An aggressive surgical approach is the key to cure rectal cancer that invades the uterus and the vagina. However, surgery is accompanied by a high risk of postoperative complications. Rectovaginal fistula (RVF) and vesicovaginal fistula (VVF) are infrequent postoperative complications after surgery for rectal cancer. Moreover, they are among the most distressing complications of pelvic surgery because they worsen patients’ ability to perform activities of daily living. Although several procedures to treat these complications have been advocated, the most adequate method depends on individual situations [1].

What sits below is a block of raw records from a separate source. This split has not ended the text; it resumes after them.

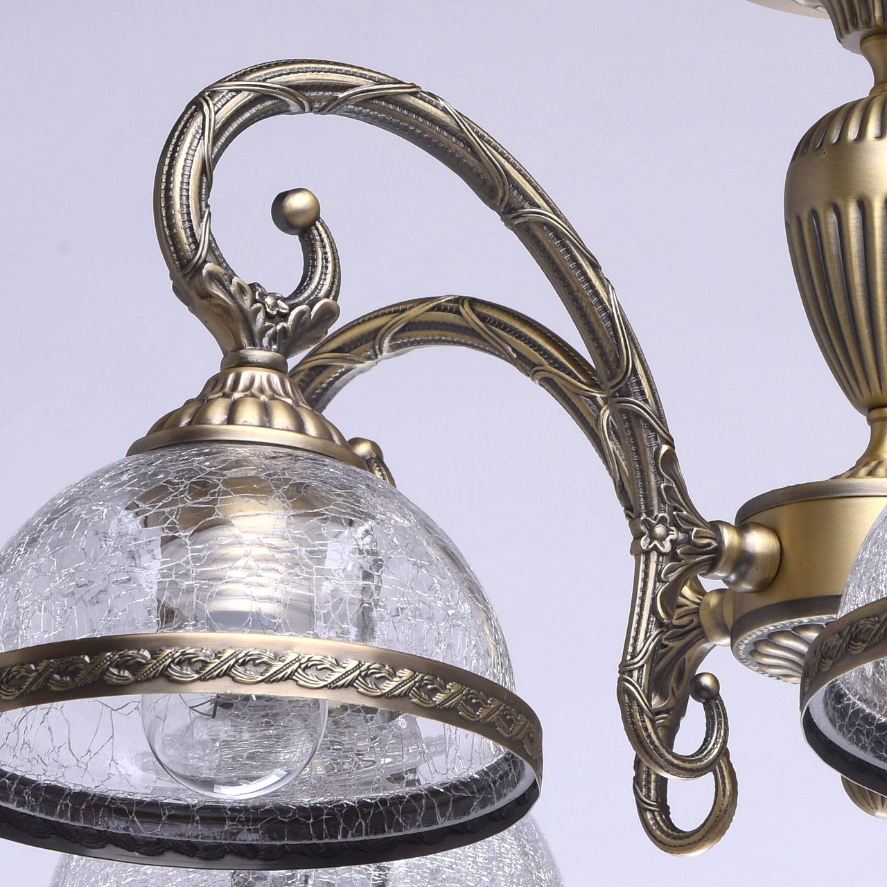 Металлическое основание цвета античной бронзы, плафоны из прозрачного льдистого стеклаТехнология производства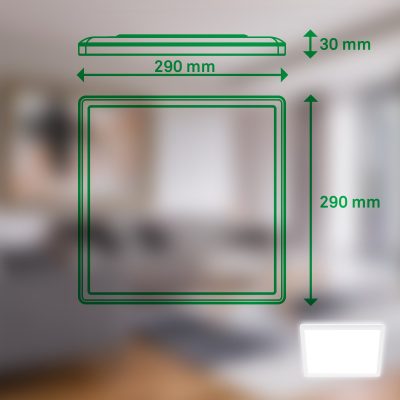 Izjemno tanek dizajn, ta kuhinjska svetilka je posebej ravna z višino le 30 mm in dimenzijami 290×290 mm, kar omogoča elegantno in diskretno montažo na strop.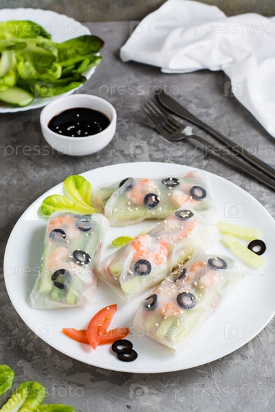 Свежие блинчики с начинкой в рисовой бумаге из креветок, оливок и овощей на тарелке. Вертикальный вид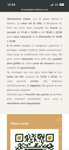 Read moreJe suis venue une première fois avec 2 collègues pour tester. Nous avons été installées rapidement mais le serveur était neutre, ni avenant ni désagréable. Nous avons demandé la composition de l'assiette rôtissoire (19€) et il nous dit que c'est agneau + poulet rôti, donc nous l'avons choisi mais au final on a eu agneau et filet de boeuf... Une de mes collègues avait commandé un burger avec une sauce au bleu (en supplément de 1€, ce que je trouve dommage) et au final nous avons eu toutes les 3 une sauce bleue donc petite erreur, mais heureusement elles n'ont pas été compté à la note. Le service a été un peu long et les goûts étaient normaux. Ayant eu quand même un avis mitigé, j'y suis retourné avec mon conjoint, c'est apparemment le patron qui nous a servi mais même chose que le serveur, il n'était pas trop souriant ni avenant. Nous avons pris un fish & chips (12€) et un burger. Mon chéri a trouvé pas trop mal le burger et le fish&chips allait aussi mais sans plus. Par contre, le service a été très long aussi, ils servaient des grandes tables qui étaient arrivées après nous et nous avons mis longtemps à être débarrassés. Résultat des 2 expériences, des serveurs pas très avenants, une nourriture correcte pour une brasserie mais qui n'a pas du tout la même qualité que les 3 autres restaurants de la même direction. Je ne pense pas revenir ou alors cela sera mon...

Here, we report a case of simultaneously diagnosed and successfully treated RVF and VVF that occurred after low anterior resection (LAR) combined with resection of female genitalia.

Case Presentation

A 70-year-old woman presented with a 1-month history of hematochezia and exertional dyspnea. Complete blood count revealed severe anemia (Hb 3.5 g/dL; normal range 11.5–15.0 g/dL) and, as a result, she received blood transfusions. Colonoscopy revealed the presence of an Rb rectal cancer, the lower edge of which was located 3 cm above the upper edge of the anal canal. This lesion narrowed the rectum such that the colonoscope could not pass through. Images obtained by contrast-enhanced computed tomography and gadolinium-enhanced magnetic resonance imaging suggested that the tumor had invaded the uterine cervix and upper vaginal wall.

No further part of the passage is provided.